Large funds are good, but don't become too large

Currently there are many types of financial institutions that help individuals and organizations to manage their wealth, and some of these institutions may claim to offer fixed incomes. These offered returns are normally higher than the returns given by the definitely safe securities such as government bonds, and become very attractive to certain types of investors who normally hold enormous funds and have scheduled payments each time period.

The word "fixed" may be confusing to some people, as a fixed income fund does not mean it offers a fixed return, instead it pays a return on a fixed schedule and the return could vary. Therefore, although people generally believe investing in a fixed income fund is less risky than investing in an equity fund, it still has some risk and it does not necessarily meet the return that you expect. Imagine you are a pension fund manager who manages an account of trillions of dollars and invest in fixed income funds. Once the fixed income funds cannot meet the requirement, which you should expect and do something about, you would choose several other funds which could be more risky but offer higher returns. By doing such thing, you turn yourself into a fixed income fund as you are doing what a fixed income fund would exactly do to meet their scheduled payments. However, you are still less likely to do better than the fixed income fund you invest in, when we assume you and the fixed income fund manager have close abilities.
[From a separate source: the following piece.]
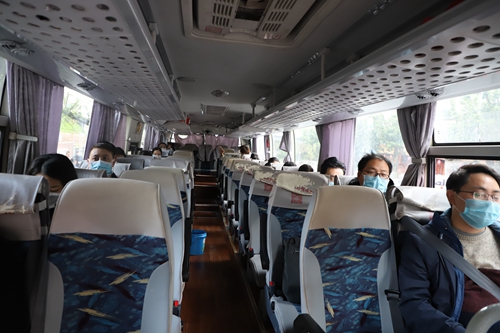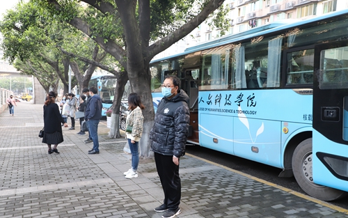 师生间隔至少一米排队乘车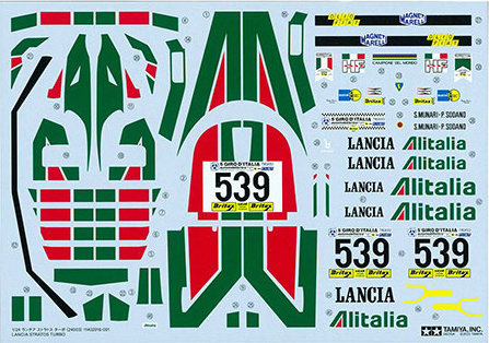 This plastic model kit is designed to a 1/24 scale, measuring 178mm in length, 89mm in width, and 50mm in height. The kit meticulously captures the imposing look of the car, complete with a substantial chin spoiler, over fenders, roof spoiler, and rear wing.Interior details such as bucket seats, the dashboard, and other components are intricately replicated, providing a realistic three-dimensional effect. The kit also includes a driver figurine to occupy the entire cockpit. Furthermore, the front wheels are fully functional and can be steered for added realism. The kit features striking red and green graphics, along with numerous sponsor logos, including the prominent Alitalia branding, which are skillfully applied using slide decals.

This is because you have high management costs and have to pay very high commission fees.

In the real world, many national pension funds and large multinational insurance companies employ fixed income fund managers and other types of fund managers including hedge fund managers to offer them fixed incomes, then they offer their clients with some products with fixed payments. Theoretically they are fixed income funds themselves, but their operation costs are much higher.

Therefore, I often believe large funds are more productive than smaller ones, as they can have more investment opportunities; however, once becoming too large, it is inevitable to start to invest in other funds, which I think is a very inefficient investment option.